Hawthorne also wrote travel narratives, including Old Seaport Towns of New England (1916), Rambles in Old College Towns (1917), Corsica: The Surprising Island (1926), Romantic Cities of California (1939), and Williamsburg, Old and New (1941).

Hawthorne marched in the 1913 women's suffrage parade in New York City. She lived in California in the 1920s and 1930s.

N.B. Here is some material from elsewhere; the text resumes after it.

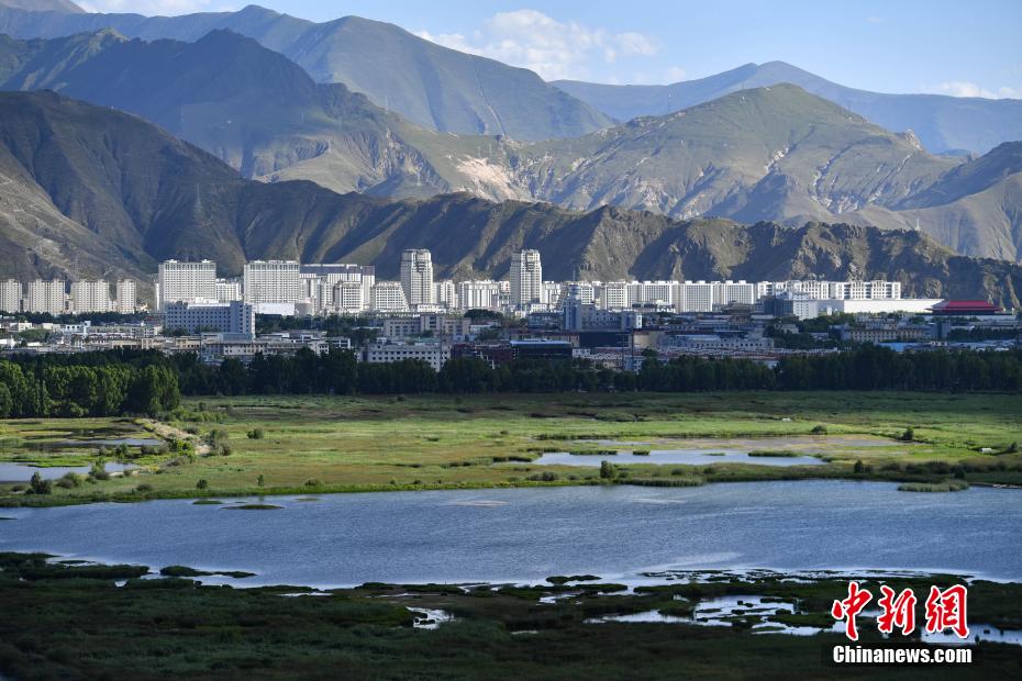 7月8日,位于西藏自治区拉萨市的拉鲁湿地国家级自然保护区水草丰茂、风景如画。拉鲁湿地保护区面积超过12平方公里,是拉萨市氧气的主要补给源。拉鲁湿地于2017年入选中国首批国家湿地旅游示范基地。图为拉鲁湿地景色。

A collection of ghost stories by Hawthorne, The Faded Garden, was published in 1985, edited by Jessica Amanda Salmonson. Her work is sometimes found in anthologies of American women's writing. Hawthorne co-authored Enos Mills of the Rockies with Esther Burnell Mills.

== Personal life ==
Hildegarde Hawthorne married John Milton Oskison in 1920. She died in 1952, aged 81 years, in Danbury, Connecticut.